Жозефина сняла пальто и небрежно бросила на стул, а глаза подняла к потолку. Ле Биан подумал: ее словно тик схватывает, когда она сердится.

— Нормальной жизнью! — вздохнула она. — А вся Европа в крови и в огне, а Франция стерта с карты мира! Где же у вас с соседями гражданские чувства? Где ваш патриотизм? Вам не совестно?

— Как быть! — отозвался Пьер, не поведя бровью. — Я, правда, хожу в собор по ночам, но вообще сделан не из геройского теста. Но что-то мне подсказывает, что у хороших учителей я мог бы стать и другим.

Он усадил девушку на стул с плетеной спинкой из тонкой тростниковой соломки, доставшийся ему от бабушки: это было почетное седалище для гостей. Все так же улыбаясь, налил ей бокал вина, подал ножик для сыра и отломил ломоть хлеба.

Жозефина смотрела на него взглядом оценщицы, как всегда смотрела на мужчин. Мать научила ее, что на мужчин не надо полагаться. Она могла сколько угодно уважать их, встречаться с ними, даже любить, но ни в коем случае не должна была считать их выше себя. Своими твердыми принципами ее мать, откликавшаяся на красивое имя Амелия, стяжала в округе не слишком приятную репутацию. Как и многим девушкам из хорошей семьи, ей сразу после начала

Первой мировой войны пришлось выйти за условленного жениха — у нее это был наследник богатых судовладельцев. Но в отличие от сестер по несчастью она взбунтовалась, не дожидаясь первых морщин на лице. Прежде всего Амелия сбежала от своего жестокого и властного супруга. Все думали, что она поведет себя тихо, избегая огласки, а она добилась своих прав через суд. В довершенье всего она каким-то образом скрыла свою беременность, а дочь решила воспитывать сама. С этих пор она поклялась никогда не связывать свою судьбу с мужчиной. Правда, несколько лет она прожила с известным в Руане врачом — добрым и заботливым человеком, который все ей прощал, — но второй раз надеть обручальное кольцо решительно отказалась.
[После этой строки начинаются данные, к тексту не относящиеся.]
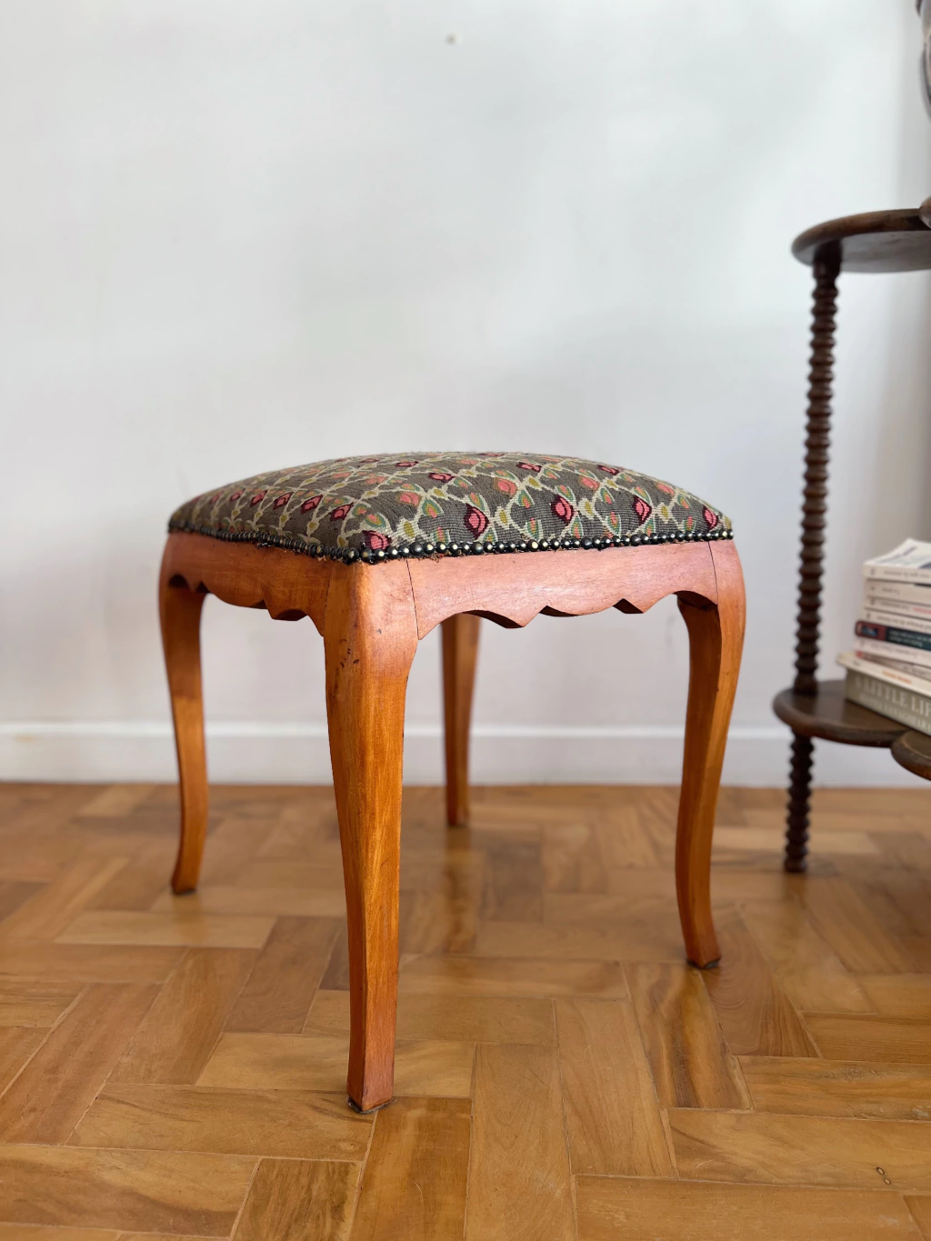 Banqueta em kilim senneh iraniano vintage, madeira peroba do campo mel, tachinhas. Pronto para uso, sem defeitos.

Потом ей надоела тихая мещанская жизнь, и она ушла к молодому художнику-бельшйцу, разделив с ним каморку для прислуги на восьмом этаже богатого дома в центре города. Увы, богемная идиллия очень скоро обернулась трагедией. Молодой художник все-таки нашел галерею для выставки своих работ, но его сильно разругали. Это его так надломило, что он предпочел покончить с жизнью. Амелия с Жозефиной опять осталась одна. Она поступила на службу к одному немного эксцентричному адвокату из аристократического рода. Он был всегда одет с иголочки и нисколько не нуждался в женском обществе, но для отвода глаз ему нужна была спутница на званых обедах в городе. Амелия превосходно справлялась с этой ролью и вдобавок исполняла кое-какие секретарские обязанности. То было самое светлое время детства Жозефины. Она привыкла часто менять школы — сначала с каждым новым разрывом своей матери, а после потому, что сама не желала слушаться старших. Почему Амелия оставила своего адвоката, откуда взяла деньги на домик в предместье, куда они переехали, девушка так и не узнала — да, по правде сказать, ей это было и не слишком интересно. Главное, у нее появился собственный дом, а самое главное — своя комната, собственное царство. В учебе Жозефина никогда не блистала и не спешила начать самостоятельную жизнь. Поле деятельности ей предоставила нежданная трагедия — война.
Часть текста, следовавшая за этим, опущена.